When she emerged a short time later she felt infinitely better. She pulled on a sweater and a pair of jeans, brushed her freshly washed hair behind her ears, and anchored it with a headband.

She took another look in the mirror just before she left the room. With dismay she realized that she still looked a little too pink. Probably because of the shower, she decided. All that heat and steam. The effect would surely fade quickly.

She squared her shoulders, opened the bedroom door, and stepped out into the hall.

By the time she got downstairs her mouth was watering. She saw Winston sitting just inside the kitchen doorway. He rose to greet her with his customary gallantry, but it was clear that he was distracted by what was going on in the vicinity of the stove.

Rafe looked just as she had known he would look in the morning. Incredibly sexy, right down to and including the shadow of a beard that gave the hard planes of his face an even more dangerous cast than usual.

It really was not fair. A gentleman would have been gone by dawn. But, then, no one had ever called Rafe Madison a gentleman.

“Right on time.” Rafe’s eyes gleamed as he surveyed her with one swift, all-encompassing look. He picked up an oven mitt. “You can pour the coffee.”

She watched as he removed a pan from the oven. The faint scent of vanilla teased her. “What is it?”

“French toast.” He put the pan on the stove and tossed the mitt onto the counter. “Baked instead of fried. Sort of a cross between a bread pudding and a soufflé.”

She gazed at it longingly. “It’s beautiful. Absolutely beautiful.”

He grinned. “Thanks.”

So the man could cook. She already knew that. It was not a sufficient reason to fall in love. Lust, maybe, but not love.

She dragged her gaze away from the golden-brown French toast and saw that Rafe was watching her with an odd expression.

“I’ll get the coffee.” She whirled around and seized the pot.

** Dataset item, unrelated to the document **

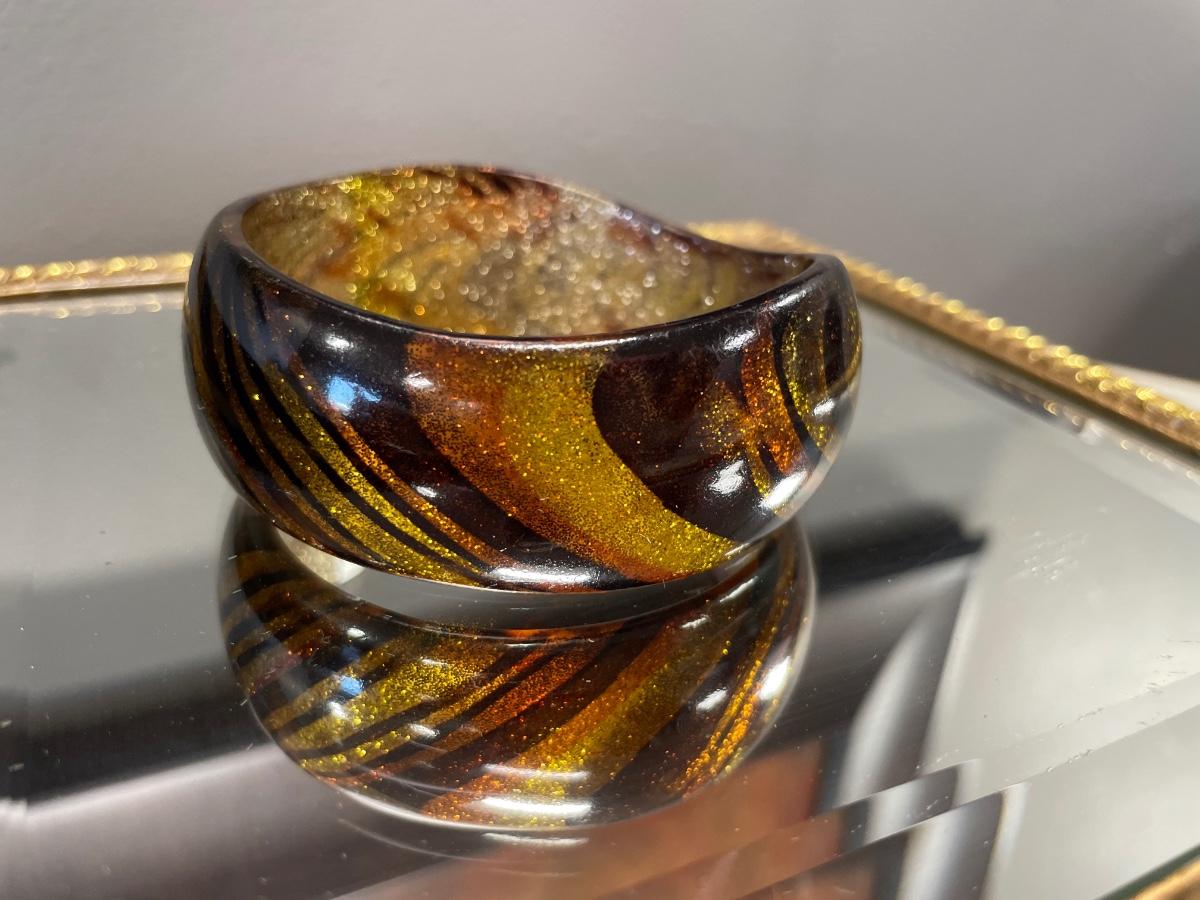 Stunning gold, orange, brown swirl Bakelite bracelet

Rafe arranged the French toast on two heated plates and carried the food to the table. Hannah studied the casually elegant fashion in which the puffy, golden-brown triangles had been positioned. There were little sprigs of fresh mint on top of the toast. The syrup in the small pot in front of her was warm.

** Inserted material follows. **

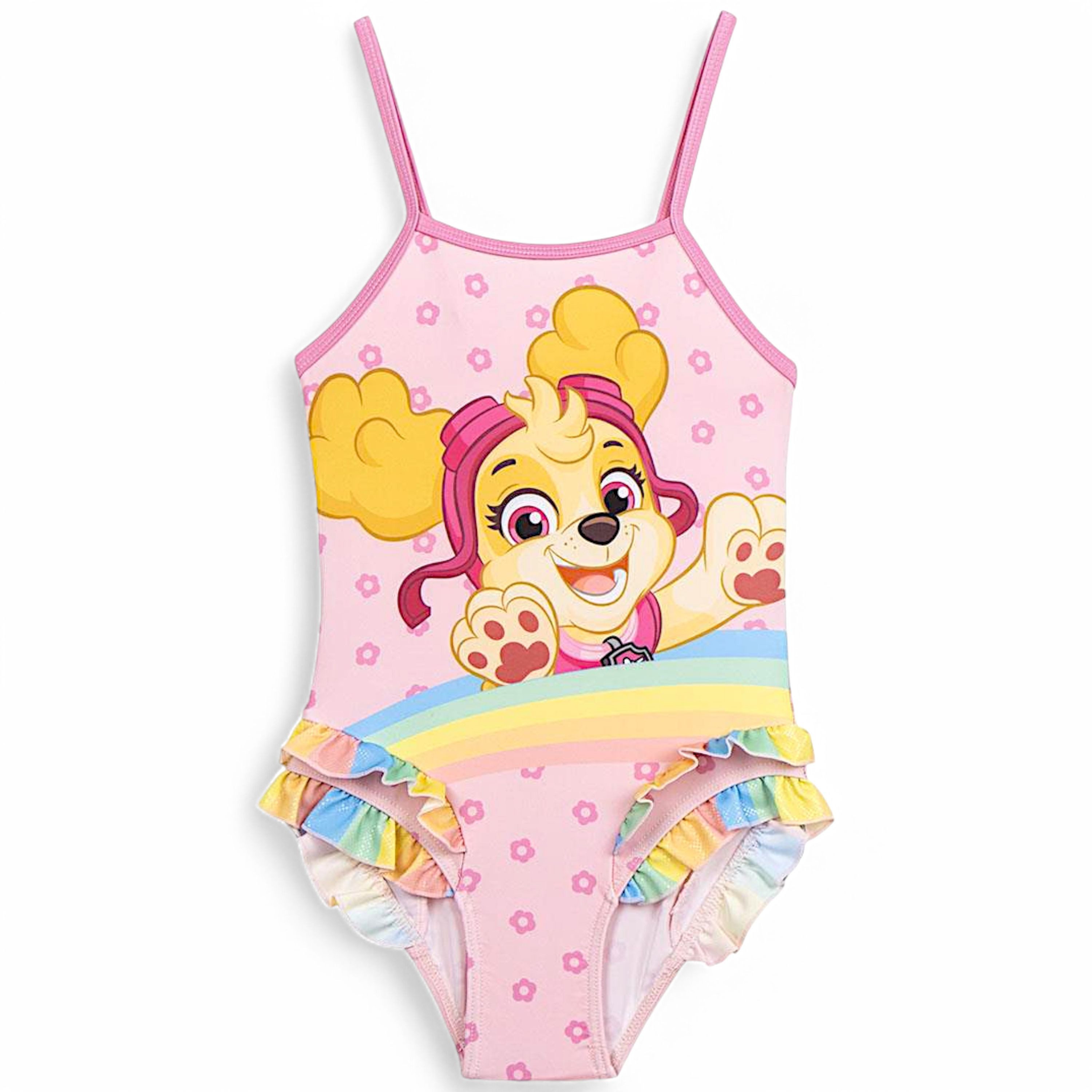 Der farbenfrohe Badeanzug mit Regenbogen-Design und niedlichen Rüschen an der Hüfte sorgt für strahlende Kinderaugen.

She picked up her fork. “You know, there’s a theory in some quarters that you turned to a life of crime in order to support yourself after you left Eclipse Bay.”

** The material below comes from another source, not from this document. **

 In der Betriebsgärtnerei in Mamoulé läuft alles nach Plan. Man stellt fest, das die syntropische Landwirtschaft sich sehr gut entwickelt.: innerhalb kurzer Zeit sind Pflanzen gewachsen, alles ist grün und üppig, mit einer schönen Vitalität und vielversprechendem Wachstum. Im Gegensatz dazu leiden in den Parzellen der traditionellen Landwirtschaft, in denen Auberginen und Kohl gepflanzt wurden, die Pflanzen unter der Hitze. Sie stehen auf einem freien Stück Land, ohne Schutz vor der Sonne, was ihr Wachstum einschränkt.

He nodded. “I’ve heard that theory.”

“But after dinner the other night and breakfast this morning, I think the evidence is clear that you went to a blue-ribbon culinary academy instead of jail.”

He looked up very quickly.

She paused with a bite of French toast poised in midair. “Good heavens, I was joking. Did you really take cooking classes?”

He hesitated. Then shrugged. “Yes.”

She was fascinated. “When?”

“After I got married. In the back of my mind, I think I always had this idea that when you were happily married, you ate at home most of the time. But Meredith wasn’t big on cooking, so I took over the job. The better I got at it, the more restless and unhappy Meredith became.” Rafe made a dismissive gesture with one hand. “After a while I realized that she wasn’t real big on staying at home, either.”

She gazed at him in disbelief. “Meredith left you because you’re a fantastic cook and because you like to eat at home?”

“Well, those weren’t the only reasons,” Rafe admitted. “She might have been willing to tolerate my cooking if I had agreed to go to work at Madison Commercial. But I refused, so in the end she gave up on my future prospects and left.”

Hannah savored another bite of French toast while she thought about that. “I’m sorry your marriage didn’t work out.”

“You should be. I figure it’s your fault that it bombed.”

She nearly dropped her fork. “My fault. How in the world can you blame me?”

He met her eyes across the short expanse of the table. His mouth curved slightly. “That night on the beach you told me I didn’t have to follow in my father’s and my grandfather’s footsteps when it came to marriage, remember? So a couple of years later, I figured I’d give it a try. I mean, after all, it was advice from Miss Overachiever herself. How could it be wrong?”

“Now, hold on one dang minute here.” She aimed the fork at him. “You can’t blame me just because you chose to follow my perfectly good advice and then messed it up by picking the wrong woman.”